E no final, entendia que ambos compartilhavam do mesmo sentimento voraz por uma humana, por ironia do destino, ambas são da mesma família. A garota tão acostumada a ouvir as pessoas, jamais pensara que necessitava tanto falar sobre seus problemas. A definição de "deixa sua dor de lado para cuidar dos outros", era completamente aplicável à sua personalidade.

— Eu sei que parecemos pessoas complicadas — após quebrar o silêncio, Ares analisou a expressão de Anelise - E na verdade, somos. — Ele sorriu enquanto passava as mãos em seu cabelo. — Dê um tempo para ele. Eros demora a admitir que as coisas estão o incomodando. Isso é uma característica minha. De todo modo, mandar uma carta para você, só mostra que ele tem problema em dizer o que sente.

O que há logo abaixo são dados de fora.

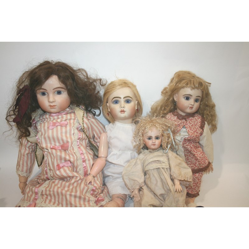 4 reproduction bisque head dolls in the manner of Jumeau, including one dated 2010 and signed Denise D, one dated 2011, and two other similar dolls. Also with various other dolls.

— Me desculpe por vir até o seu trabalho. Eu não tenho am... — Anelise não completou a palavra, sabendo que ao dizê-la em voz alta, sua realidade poderia ser mais assustadora — ... Mais ninguém para falar sobre isso.

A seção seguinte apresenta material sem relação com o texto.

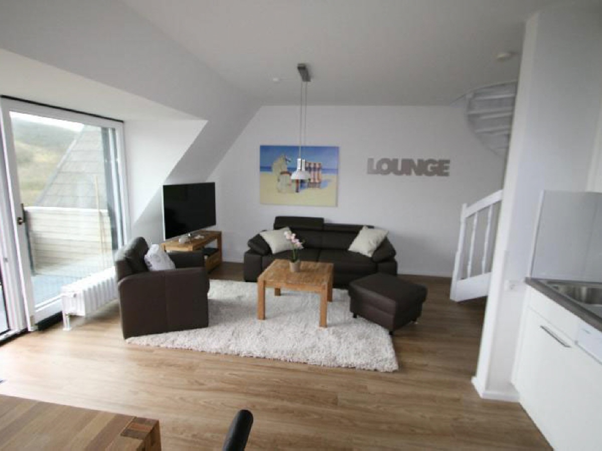 Im Wohnbereich kann man so richtig die Seele baumeln lassen. Entweder man verfolgt auf dem Flachbildschirm-Fernseher das Tagesgeschehen, oder täumt einfach über die Dünen bis zum Meer....

— Tudo bem, mas eu gostaria de oferecer algo além dos meus conselhos inúteis. — Ares observou que Anelise usava a farda de seu trabalho, na sorveteria. — Acho que é um desperdício de talentos, alguém como você trabalhar lá. Quero dizer, não tenho nada contra pequenos empreendimentos, mas eu poderia pagar o triplo que você recebe ao mês. E sei que a pesca não está mais dando certo em sua família.

— Para quem me conheceu há pouco tempo, você parece saber o bastante sobre mim e a minha família. — Ela suspirou fundo, logo em seguida negando com a cabeça. — Não posso, Eros já deixou claro que não quer mais me ver, logo após isso eu venho trabalhar aqui? Seria como jogar o meu orgulho no lixo.

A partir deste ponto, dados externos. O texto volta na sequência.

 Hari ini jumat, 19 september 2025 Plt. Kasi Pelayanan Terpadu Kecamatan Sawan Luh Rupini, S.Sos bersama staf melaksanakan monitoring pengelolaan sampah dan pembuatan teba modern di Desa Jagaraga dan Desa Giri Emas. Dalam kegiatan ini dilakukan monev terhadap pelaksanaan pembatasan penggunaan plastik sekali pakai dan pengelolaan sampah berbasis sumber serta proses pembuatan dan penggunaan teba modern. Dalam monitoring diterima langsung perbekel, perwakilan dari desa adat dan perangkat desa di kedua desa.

— Você irá trabalhar para mim, não para ele. E além do mais, a empresa é minha. Eros não vem aqui, ele não tem interesse nos meus negócios. É uma grande oportunidade, se eu fosse você, pensaria mais a respeito disso. — sentando-se novamente em sua poltrona, observou os traços de Sophia nítidos em Anelise. Seria algum tipo de sentença? Ver o rosto de seu grande amor, estampado no rosto da amada de seu filho?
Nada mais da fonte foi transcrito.